Topic: Politics

Mahuta concerned at Māori roll exodus

By Te Kuru o te Marama Dewes

Māori MP Nanaia Mahuta is concerned about how many Māori have changed from the Māori roll to the general roll. 

With the Māori Electoral Option, held every five years, now at the halfway point there has been a net decrease of nearly 1,500 voters on the Māori roll.

Māori roll or general roll? That's the question.

The Minister for Māori Affairs Nanaia Mahuta says, “As far as we know 2,000 people have moved to the general roll in one month”.

The number of people on the Māori roll is linked to the number of Māori seats, or electorates.

Currently there are seven Māori seats and that could increase, decrease, or stay the same, depending on how many people are on the Māori roll at the end of the option.
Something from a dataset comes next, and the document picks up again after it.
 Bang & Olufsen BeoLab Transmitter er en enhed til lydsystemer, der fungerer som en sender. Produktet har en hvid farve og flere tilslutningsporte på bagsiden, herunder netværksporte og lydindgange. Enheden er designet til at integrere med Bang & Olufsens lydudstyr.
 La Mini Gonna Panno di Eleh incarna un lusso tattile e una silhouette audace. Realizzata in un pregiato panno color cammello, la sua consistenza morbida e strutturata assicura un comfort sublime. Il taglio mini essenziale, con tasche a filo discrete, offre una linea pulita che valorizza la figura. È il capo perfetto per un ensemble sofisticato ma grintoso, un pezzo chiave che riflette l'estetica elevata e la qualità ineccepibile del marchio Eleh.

After the Māori Electoral Option closes, Statistics NZ will use its results and the Census to calculate how many Māori and general seats there will be for the next two general elections. 
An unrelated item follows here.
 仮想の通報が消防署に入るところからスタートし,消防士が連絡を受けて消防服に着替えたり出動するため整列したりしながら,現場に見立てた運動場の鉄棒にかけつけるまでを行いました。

“We've heard some of the stats about that and we're concerned about the decrease,” says Mahuta.

Voters on the Māori roll will vote for a candidate in a Māori electorate, and voters on the general roll will vote for a candidate in a general electorate.  Whichever roll they are on, they will choose from the same list of political parties when casting their party vote.

Mona-Pauline Mangakahia says, “If you stay on the Māori roll, you vote for the Māori Member of Parliament from your Māori electorate, and there are seven of those electorates”.
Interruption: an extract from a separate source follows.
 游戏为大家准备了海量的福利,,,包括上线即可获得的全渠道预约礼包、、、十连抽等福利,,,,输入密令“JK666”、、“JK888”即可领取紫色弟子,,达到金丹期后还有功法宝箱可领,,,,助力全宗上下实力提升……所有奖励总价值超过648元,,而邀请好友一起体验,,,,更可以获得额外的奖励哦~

Mahuta says they need to gain support among youth who can drive voting numbers.

 “If they don't want to vote to support Māori affairs then [Māori] might be weakened and that's not what the Labour Party wants,” says Mahuta.

"We've reached the halfway point in the Māori Electoral Option and it's a good reminder to Māori voters to stop and check if they have thought about which roll they want to be on," says Mandy Bohté, National Manager of Enrolment and Community Engagement for the Electoral Commission.

"If you're happy with the roll you're on, you don't need to do anything, but if you want to change rolls, now is your time to choose," says Ms Bohté.

Māori voters can enrol or change roll types by filling in an enrolment form which can be downloaded from www.maorioption.org.nz. Enrolment forms are also available from PostShops or can be requested by phoning 0800 36 76 56.

The Māori Electoral Option is held every 5 years and this year closes on the 2nd of August. The next Option is due to be held in 2024.